Health
At these schools, it was obvious the conditions the children lived in were untenable for the long term and many children died. A large change for the children was in their diets. Children were used to their Indigenous foods. Within their culture, they were taught food preparation, what seasons to gather these foods, and sensory ambience including sounds, smells, and tastes, which resulted in human connectedness with sustenance and knowledge of food.
“Of all the changes we were forced to make, that of diet was doubtless the most injurious, for it was immediate and drastic. White bread we had for the first meal and thereafter, as well as coffee and sugar. Had we been allowed our own simple diet of meat, either boiled with soup or dried, and fruit, with perhaps a few vegetables, we should have thrived.
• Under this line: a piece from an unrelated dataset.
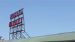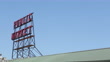 We see the Pike Place Market sign from the street level, under the sign there is the market behind the sign we can see the City of Seattle, this is the sign of the market from behind, from the docks area overlooking the city.
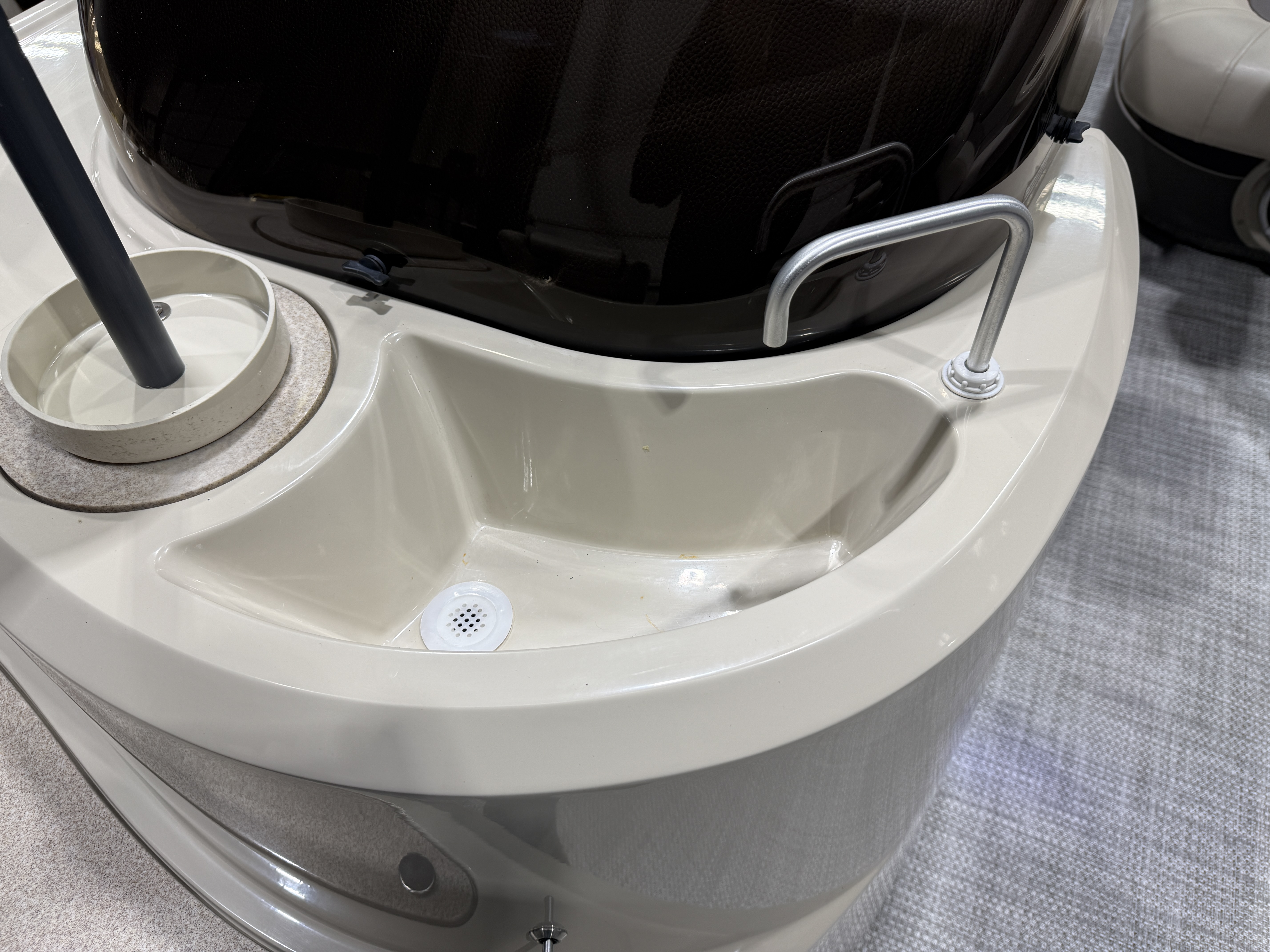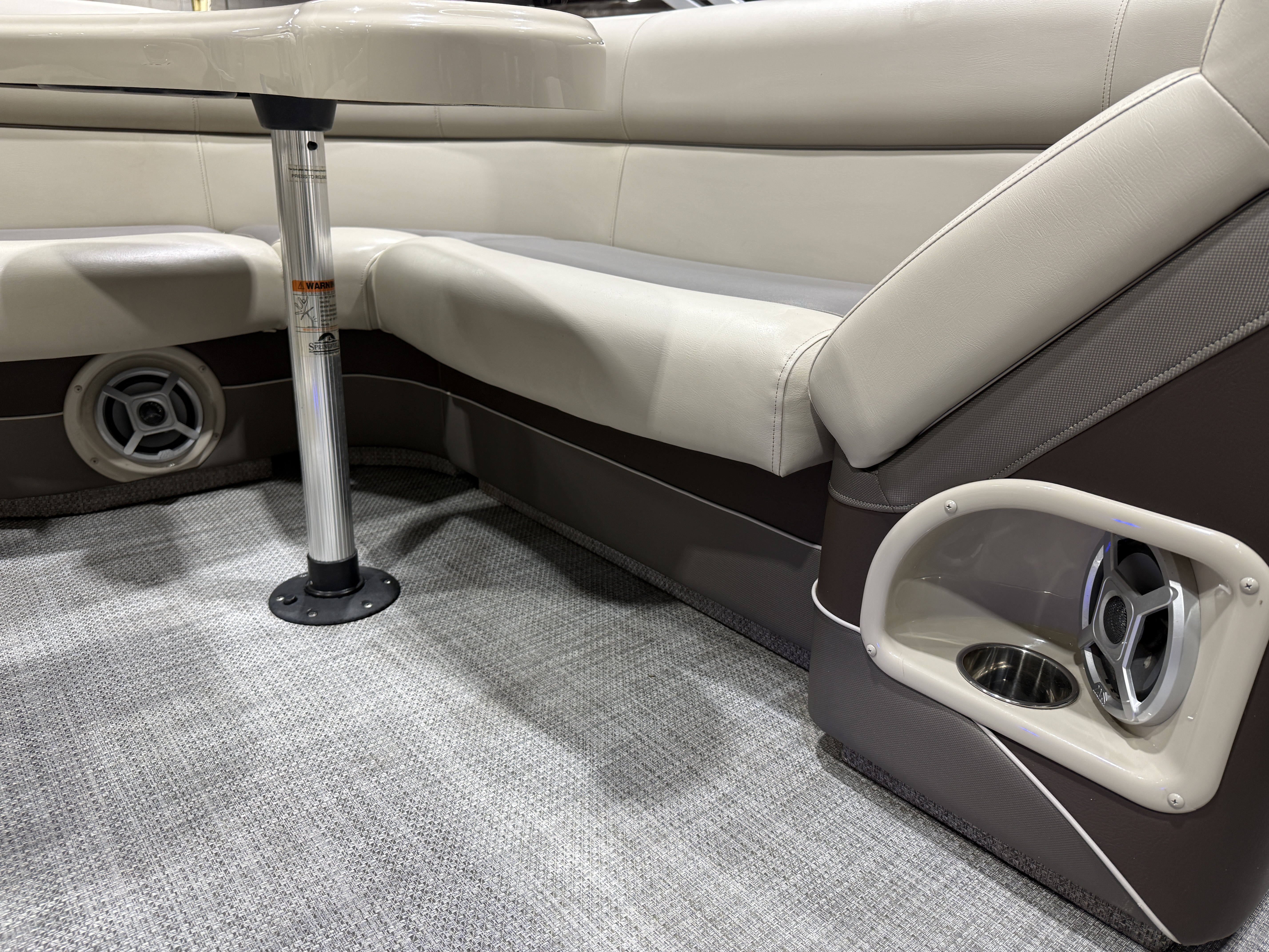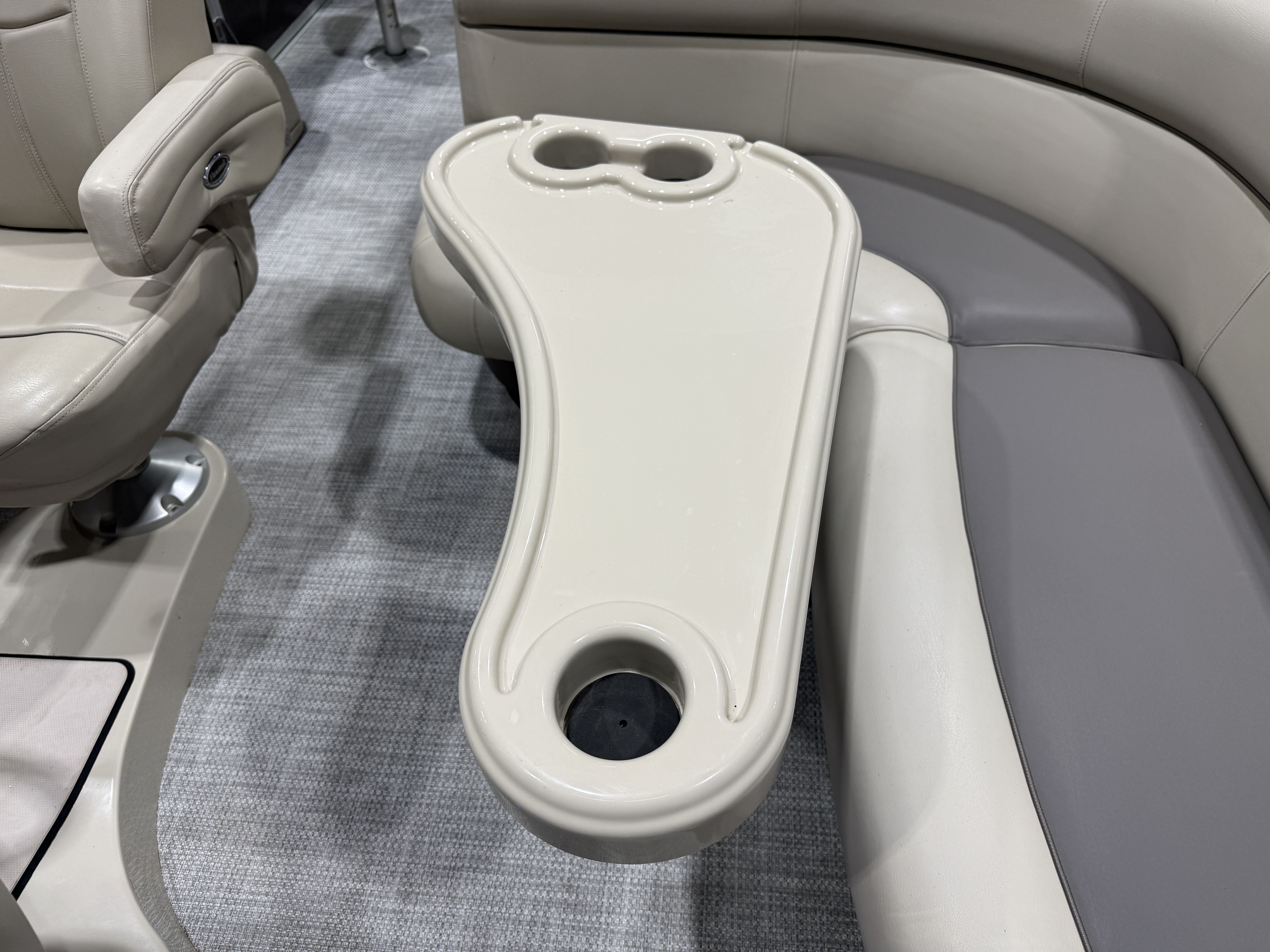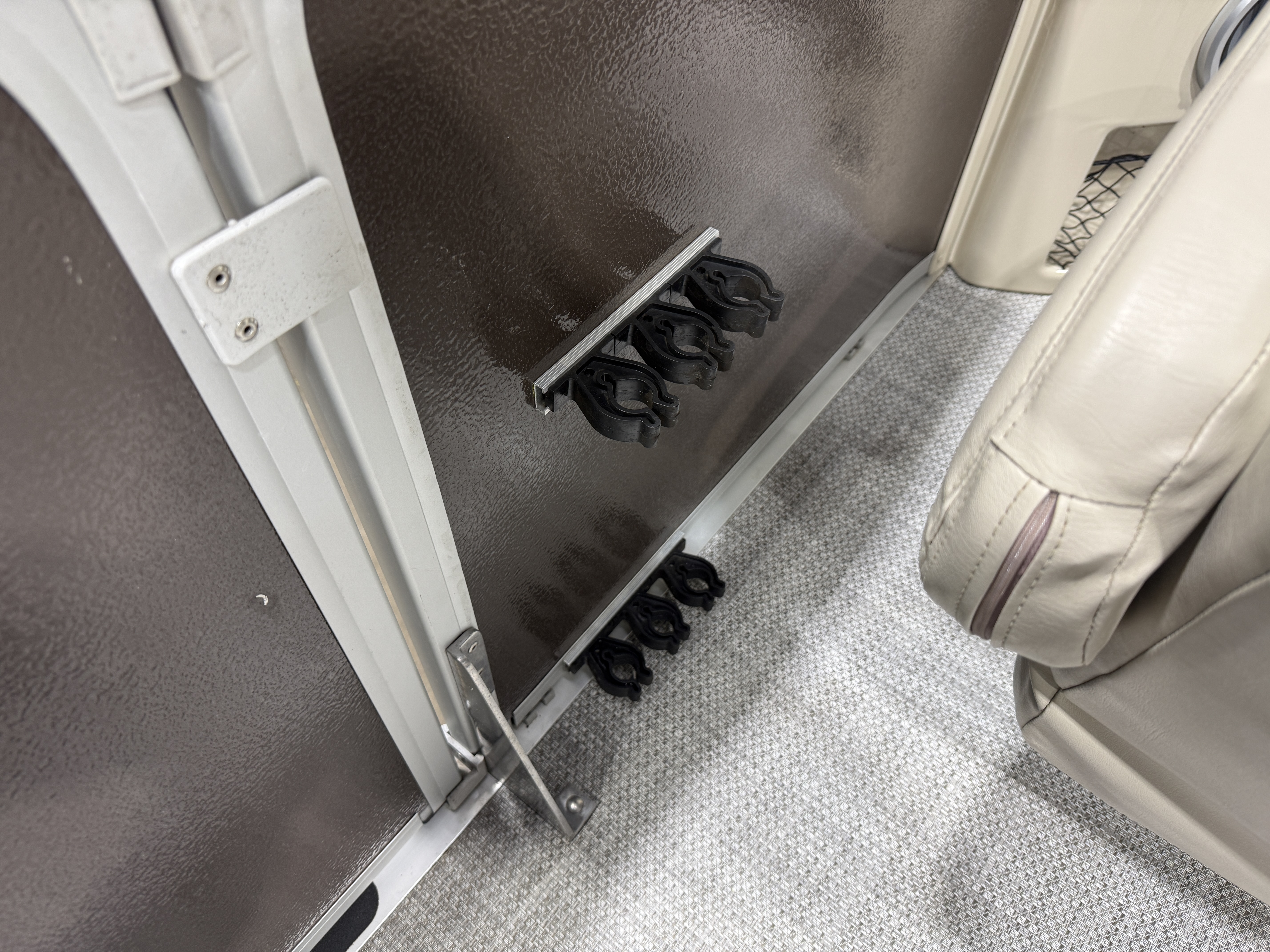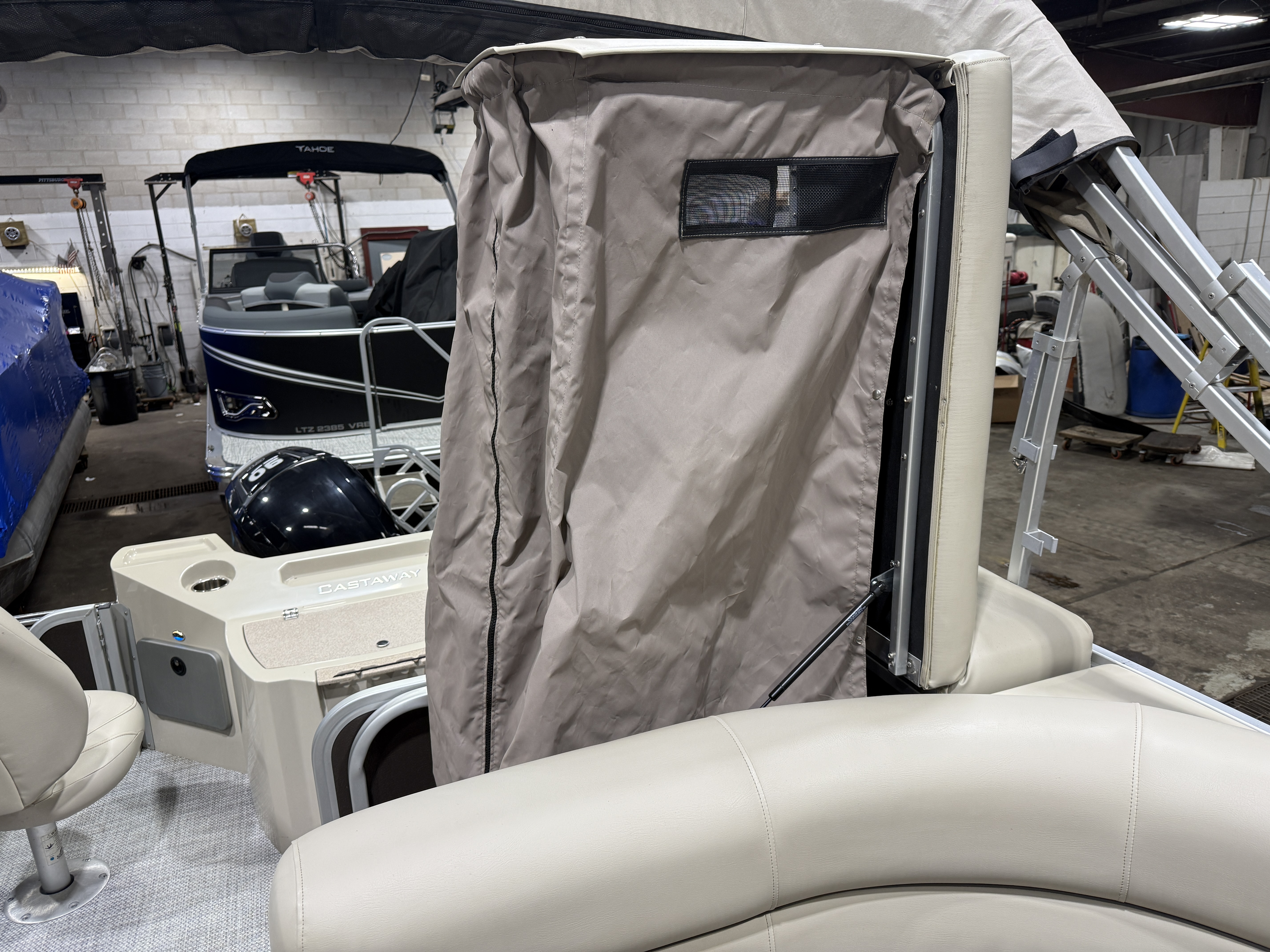 2016 Premier 220 Castaway Pontoon & Mercury 90HP 4-Stroke EFI CT w/94Hours. This 22' Quad Fish Pontoon Has Upgraded Flexsteel Reclining Captain's Seats Up Front, Huge Front Livewell In The Front Of The Helm With A Paper Towel Holder, Sink & 2.5 Gallon Freshwater Tank, Wrap Around Chaise Lounge Seating With Storage & Built-In Trash Can Door, Reclining High Back Captain's Seat With A Raised Helm, 2 Rear Fishing Seats & Livewell, Side Rod Locker Storage, All Vinyl Flooring, Helix 7 GPS Depth Finder, Bluetooth Radio, Multiple Cup Holders, 25" Tubes, Built In 31 Gallon Gas Tank, Changing Station, Two Bait Tackle Storage Compartments, Mooring Cover, Bimini Top, LED Docking Lights, LED NAV Lights, Bimini Top, New Battery, Table, Rear Ladder w/Underwater Lighting, Mood Lighting, Multiple Vertical Rod Holders, Buoy Holders. This Pontoon Is Rated For 11 People

But the change in clothing, housing, food and confinement combined with lonesomeness was too much, and in three years nearly one half of the children from the Plains were dead and through with earthly schools. In the graveyard at Carlisle most of the graves are those of little ones.”
Luther Standing Bear (Oglala Lakota), attended Carlisle Indian Industrial School 1879 (age 11) to 1885
The nutritional offerings varied across boarding schools. While there might be a vegetable garden with starchy vegetables such as turnips, parsnips, and potatoes, they lacked basic greens for the children to flourish. An unhealthy diet can result in physical and emotional trauma. There were many complaints from the children about not having enough to eat. School farm programs could provide access to greens, but with reforms in the 1930s, student labor was no longer encouraged. Instead, Indian school administrators relied on government issued commodities. These commodities consisted of canned and dehydrated foods, like canned beef and pork, which had a long shelf life. Fatty foods filled a child’s stomach but provided very little nutritional value to their diets. All American Indians were directly affected by these commodities whether attending a U.S. Indian school, living on the reservation, or living as an urban Indian.
American Indian boarding schools had hospitals, but communicable diseases such as influenza and tuberculosis were rampant in the schools because of the unsanitary conditions. Health care providers often did not separate sick children from the rest of the student body. With tuberculosis being very contagious, the failure of separation resulted in Native American children dying at four times the rate of non-Native children. Their mortality rates were so high that each school had its own graveyard. Tuberculosis and influenza were the main causes of death, but whooping cough, measles, and smallpox were common as well.